- Standard picture sleeve for 7-inch single release

Single by Samantha Fox

from the album Touch Me
- B-side: "Drop Me a Line"; "Want You to Want Me"; "Never Gonna Fall in Love Again";
- Released: 16 June 1986
- Studio: Battery (London, England)
- Length: 3:48
- Label: Jive
- Songwriters: Graham Richardson; Mike Bissell;
- Producers: Steve Lovell; Steve Power;

Samantha Fox singles chronology
| "Touch Me (I Want Your Body)" (1986) | "Do Ya Do Ya (Wanna Please Me)" (1986) | "Hold On Tight" (1986) |

Music video
- "Do Ya Do Ya (Wanna Please Me)" on YouTube

= Do Ya Do Ya (Wanna Please Me) =

1986 single by Samantha Fox

"Do Ya Do Ya (Wanna Please Me)" is a song by British singer Samantha Fox, released as the second single from her debut album, Touch Me (1986).
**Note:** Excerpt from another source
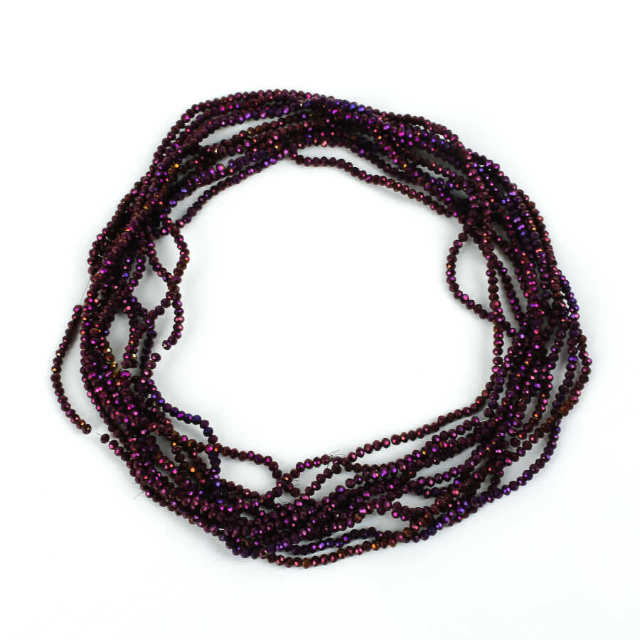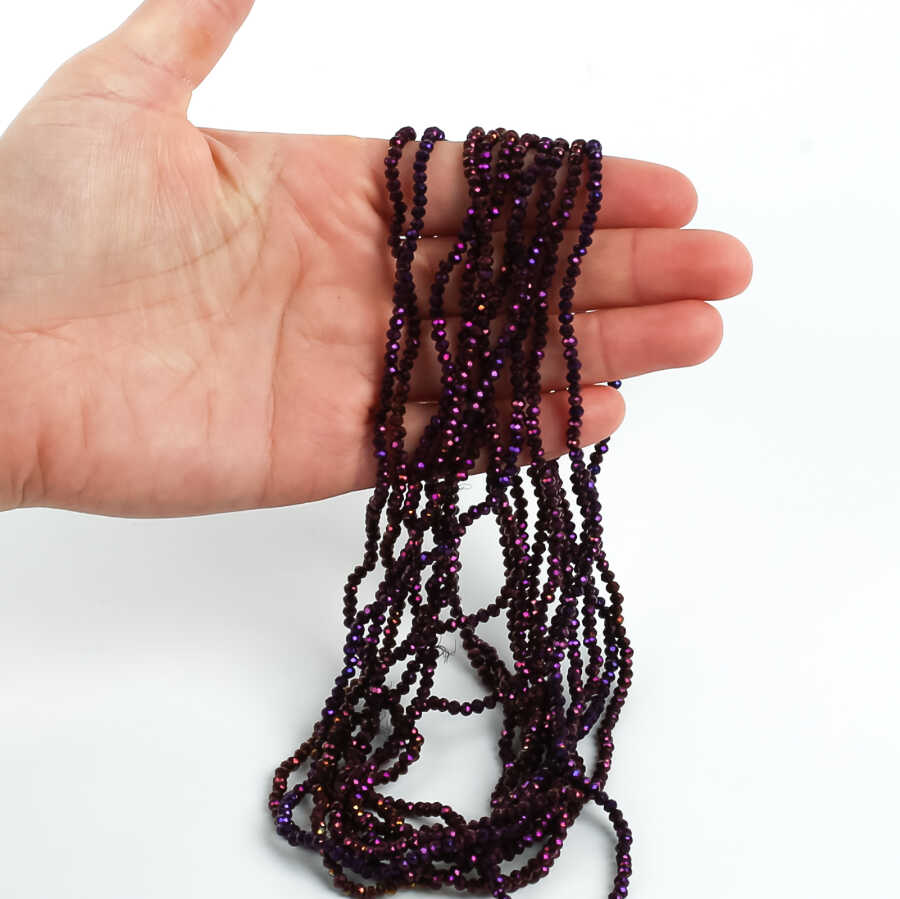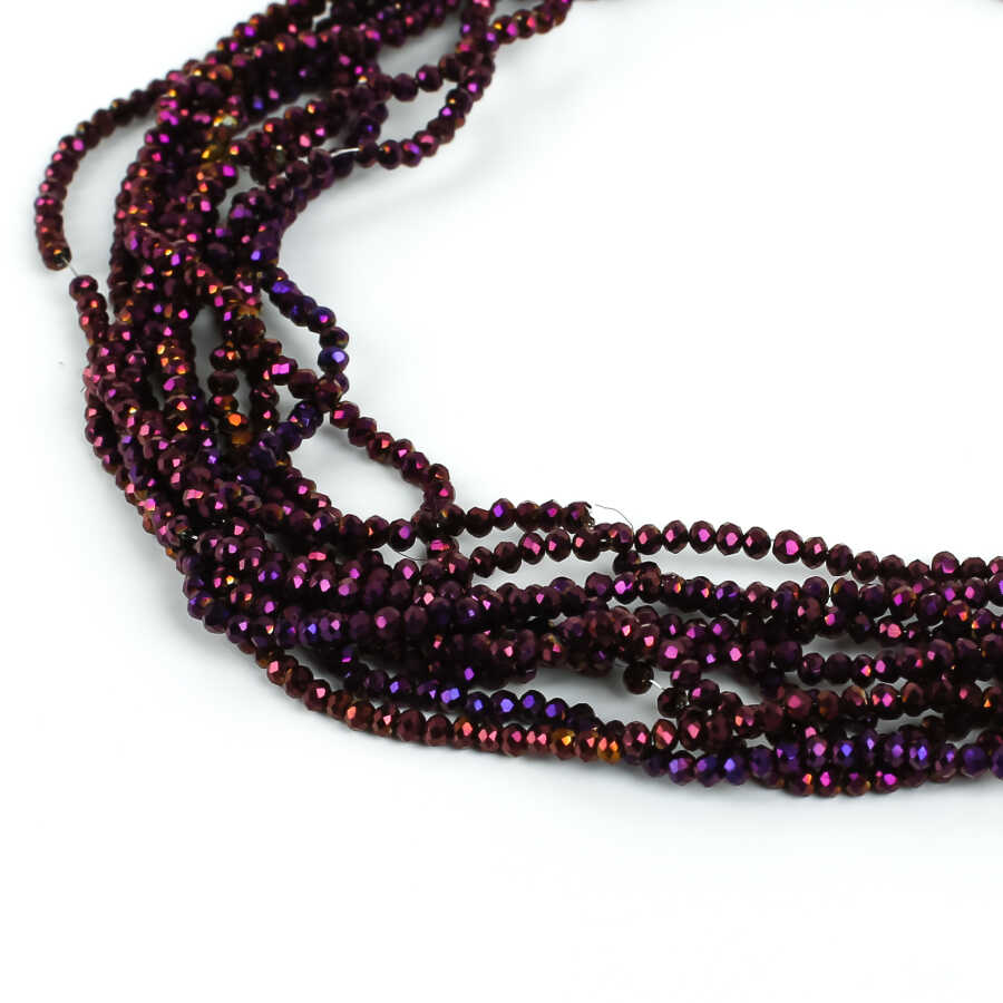 1 Dizi (145-155 Adet) - 2 mm Yassı Kristal Cam Boncuk Dizisi Kaplama Mor Renk 1.Kalite

The song was her second consecutive number one in Finland and Sweden, supplanting "Touch Me (I Want Your Body)". It was also a top ten hit in the UK, Switzerland, and Germany. The lyrics taunt the listener with lines such as "Are you strong enough?" and "I could get you underneath my thumb". Fox performed the song on a 1986 episode of Top of the Pops, and to this day remains a recurring feature of her live repertoire.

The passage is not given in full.